Strychnos nux-vomica is classified as a poisonous plant by toxicological authorities worldwide; the estimated lethal oral dose of strychnine in adults is approximately 30–120 mg, equating to roughly 2–8 grams of raw seed powder, and symptoms of toxicity—including muscle rigidity, opisthotonus, convulsions, and respiratory failure—can appear within 15–30 minutes of ingestion with no established antidote beyond supportive care and benzodiazepine-mediated seizure control. Drug interactions are clinically significant: strychnine potentiates CNS stimulants (including caffeine and amphetamines) and antagonizes inhibitory neurotransmitter-enhancing drugs such as baclofen, benzodiazepines, and glycine-site modulators; brucine may inhibit P-glycoprotein, potentially increasing plasma concentrations of co-administered drugs that are P-gp substrates.
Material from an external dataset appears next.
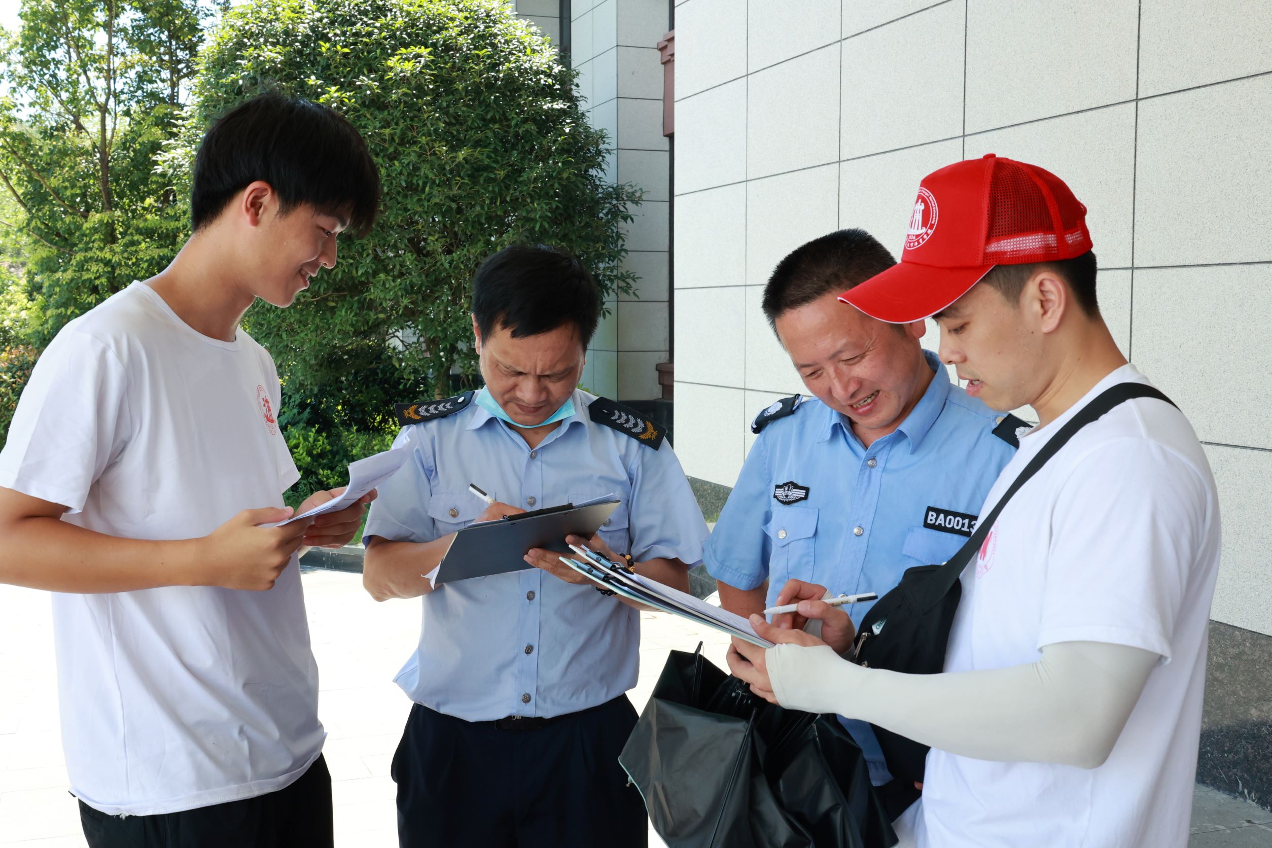 图为社会实践服务队队员在社区进行调查问卷工作。中国青年网通讯员 张稳健 摄

Strychnos nux-vomica preparations are absolutely contraindicated in pregnancy (abortifacient and teratogenic risk), lactation, children, individuals with seizure disorders, liver disease, renal impairment, or any condition associated with increased neuromotor excitability. No safe supplemental dose has been established by the FDA, EMA, or WHO; the plant is not approved as a dietary supplement ingredient in the United States or European Union, and its use outside rigorous traditional medicine supervision with authenticated processed preparations constitutes an unacceptable safety risk.